Win XP shares not accessible from one Win 10 PC

-1

I have a LAN with a bunch of different devices, Windows XP, Windows 10 Home & Pro, Linux and NAS. All of these can access each other's shares, except for one: the laptop running Win 10 Home cannot access the XP computer's shares. They all are on the same workgroup and this used to work.

The PC running Win 10 Pro can access the XP PC and the XP computer can access both W10 machines.

There is no domain or WINS, the router is primary DNS, so local machine names can be resolved by DNS, needed for accessing some web pages. All devices use DHCP from the router. I did have some DNS problems, solved by installing Apple's Bonjour service on the Windows PCs.

On the laptop this happens:

In Windows Explorer > Network only the laptop itself, the router and the NAS boxes are shown. I can type a computer name into the address bar and it will appear in the tree on the left and its shares on the right.

If I type in the XP's name (\\tpg) after about 2 minutes I get the error:

Unspeified error

In an admin command prompt I tried this:

C:\WINDOWS\system32>net view \\tpg
System error 53 has occurred.

The network path was not found.


C:\WINDOWS\system32>net use \\tpg
System error 384 has occurred.

You can't connect to the file share because it's not secure. This share requires the obsolete SMB1 protocol, which is unsafe and could expose your system to attack.
Your system requires SMB2 or higher. For more info on resolving this issue, see: https://go.microsoft.com/fwlink/?linkid=852747

In the link MS tell us that SMBv1 is not installed in Win10 by default (sort of), but it was added to XP for backwards compatibility with non-Windows devices.

I tried nbtstat and found this:

    C:\WINDOWS\system32>nbtstat -r

    NetBIOS Names Resolution and Registration Statistics
    ----------------------------------------------------

    Resolved By Broadcast     = 30
    Resolved By Name Server   = 0

    Registered By Broadcast   = 14
    Registered By Name Server = 0

    NetBIOS Names Resolved By Broadcast
---------------------------------------------
           QM             <00>
           QT             <00>
           䕂䑄䥈呓䅓⁐††偔⁇†††††
           TPG            <00>
           偔⁇††††††䥍呎⁙†††††
           䥍呎⁙†††††則奅††††††
           則奅††††††䕄䱌倭⁃††††
                   䕄䱌倭⁃††††

nbtstat -c
Ethernet:
Node IpAddress: [192.168.1.114] Scope Id: []

                  NetBIOS Remote Cache Name Table

        Name              Type       Host Address    Life [sec]
    ------------------------------------------------------------
    QT             <00>  UNIQUE          192.168.1.126       171
    QM             <00>  UNIQUE          192.168.1.110       171
    BEDDHISTSAP    <20>  UNIQUE          192.168.1.1         171

You can see that TPG is not in the cache, but it is in the list resolved by broadcast.

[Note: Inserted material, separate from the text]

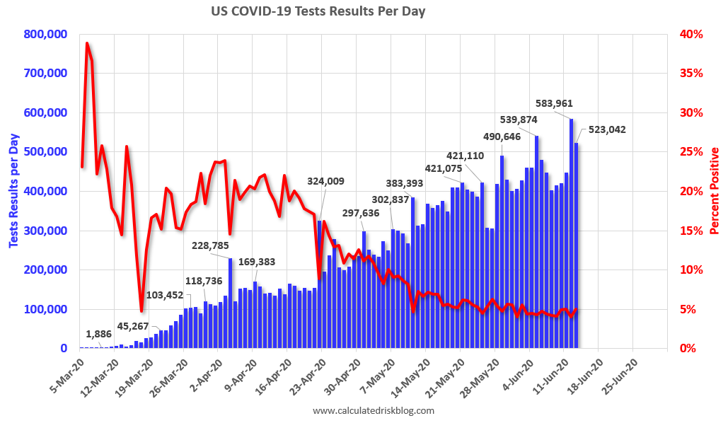 There were 523,042 test results reported over the last 24 hours. This was a new high for the number of test results reported (some states might have had a data dump).
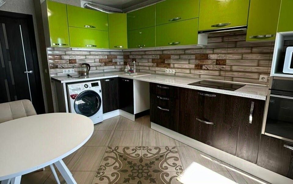 Дорогая входная дверь с шумоизоляцией , в коридоре и кухне на полу керамогранит, хорошие межкомнатные двери на магнитах. Встроенная кухня около 6 м, все с доводчиками, качественная каменная раковина. Духовка Hansa, варочная панель Elextrolux. Стиральная машина выведена на кухню ,марка LG. В ванной дорогая инсталляция, унитаз с доводчиком.

Apparently, the garbage in there is "normal" and is also present in the Pro PC, which doesn't have a problem.

I tried nbtstat -R, but that didn't do anything. I also tried rebooting.

Where do I look next?

Peter Hendricks

Posted 2018-05-28T02:26:28.217

Reputation: 1

4So did you enable SMBv1 per the instructions? – Ramhound – 2018-05-28T02:40:40.843

1Is your windows XP share passwordless? If it is, then enable it with some password and try. I have one issue with accessing passwordless anonymous share from linux from Win 10 before and the above solution works. – antreality – 2018-05-28T02:46:09.477

I did not enable SMBv1, because MS advise against it. In any case, the W10Pro machine can access it without. – Peter Hendricks – 2018-05-29T02:14:28.890

The shares all have passwords. I can't even get the machine to appear in the network folder with all the other devices. – Peter Hendricks – 2018-05-29T02:15:32.793

Answers

0

Thanks to antreality I installed the SMBv1 client and this not only instantly enabled me to access the XP PC, it also made all other devices appear in Explorer > Network.